▶ **COLLECTED MATERIAL**:
....

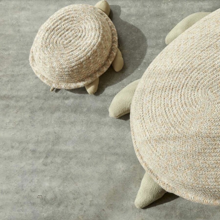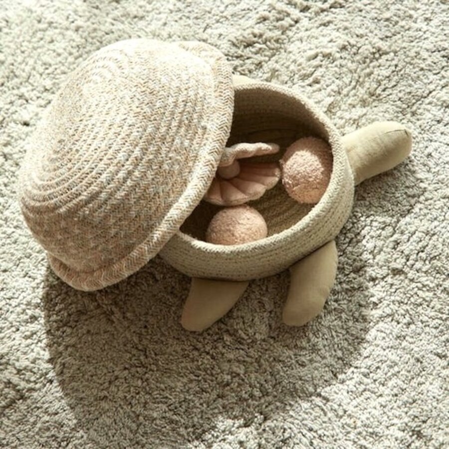 Deze leuke speelgoedmanden in de vorm van schildpadden wil ieder kind wel in zijn kamer. Mama Turtle en baby Turtle met lekker veel ruimte onder hun schilden waar extra veel speelgoed in kan. Het is handgemaakt met gevlochten katoenen koorden en gerecyclede petflessen. Alleen of samen bij elkaar. Leg er de leuke schildpad bij en klaar ben je!
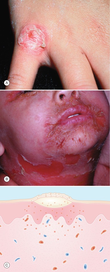 Gram-staining of the clear or cloudy fluid from a bulla reveals gram-positive cocci. S. aureus grows out in more than 95% of the cultures. Biopsy of impetigo, which is usually not done because the diagnosis is obvious, reveals a subcorneal pustule or blister ( Fig. 10.1C ).
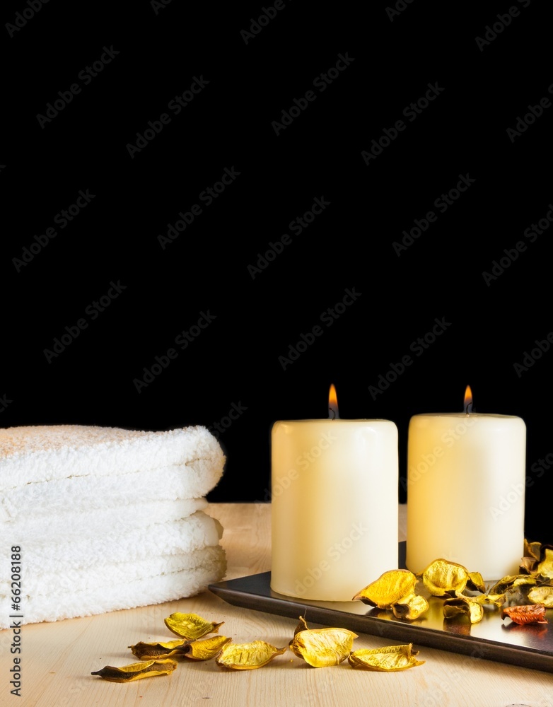Spa massage with towel stacked, perfumed leaves and candles
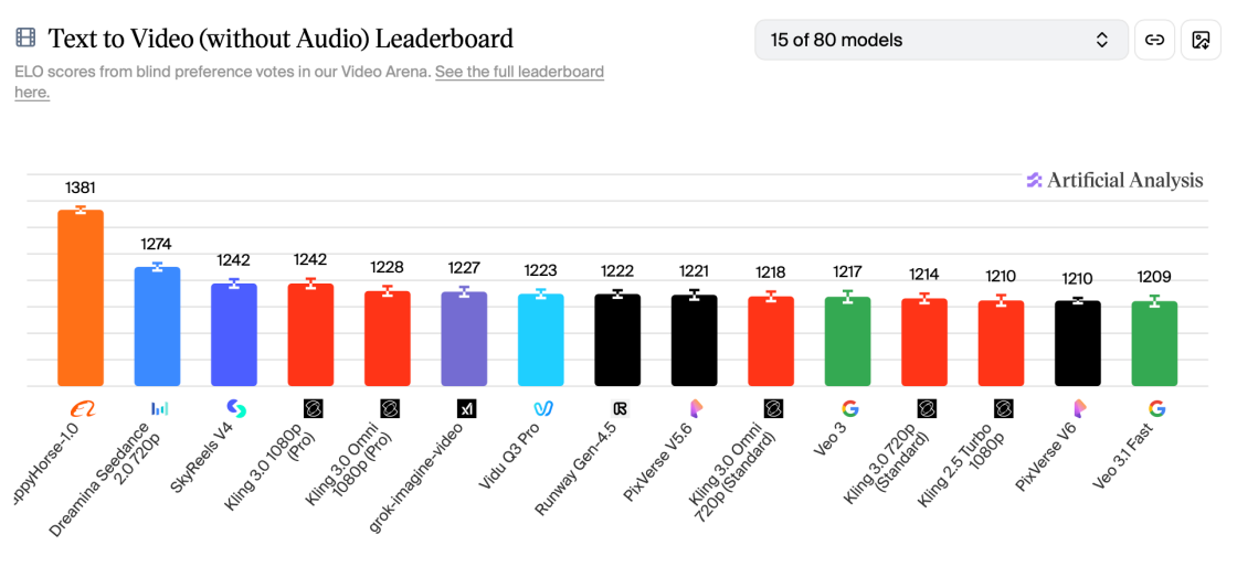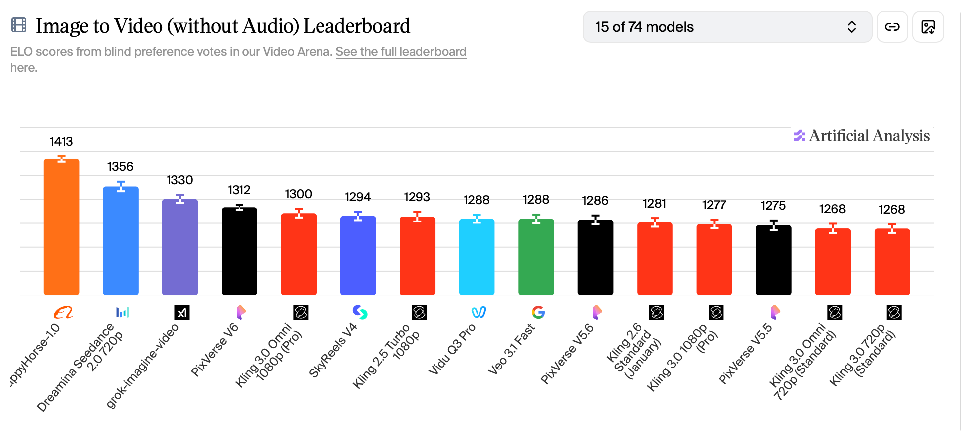 Artificial Analysis采用Elo评分机制,用户在不被告知模型身份的情况下,仅凭视觉观感选择更优视频。这种机制最大程度还原了普通人的真实审美偏好,而非厂商自报的"跑分炫技"。HappyHorse的成绩堪称"暴力屠榜":文生视频赛道1381分,和第二名Seedance 2.0拉开100分差距;图生视频赛道1413分,直接刷新该榜单历史纪录。

....

▶ **EXERCISE GOAL**:
Only the text of the listing above is copied, exactly as written; its pictures are dropped.

▶ **EXPECTED ANSWER**:
 Deze leuke speelgoedmanden in de vorm van schildpadden wil ieder kind wel in zijn kamer. Mama Turtle en baby Turtle met lekker veel ruimte onder hun schilden waar extra veel speelgoed in kan. Het is handgemaakt met gevlochten katoenen koorden en gerecyclede petflessen. Alleen of samen bij elkaar. Leg er de leuke schildpad bij en klaar ben je!
 Gram-staining of the clear or cloudy fluid from a bulla reveals gram-positive cocci. S. aureus grows out in more than 95% of the cultures. Biopsy of impetigo, which is usually not done because the diagnosis is obvious, reveals a subcorneal pustule or blister ( Fig. 10.1C ).
Spa massage with towel stacked, perfumed leaves and candles
 Artificial Analysis采用Elo评分机制,用户在不被告知模型身份的情况下,仅凭视觉观感选择更优视频。这种机制最大程度还原了普通人的真实审美偏好,而非厂商自报的"跑分炫技"。HappyHorse的成绩堪称"暴力屠榜":文生视频赛道1381分,和第二名Seedance 2.0拉开100分差距;图生视频赛道1413分,直接刷新该榜单历史纪录。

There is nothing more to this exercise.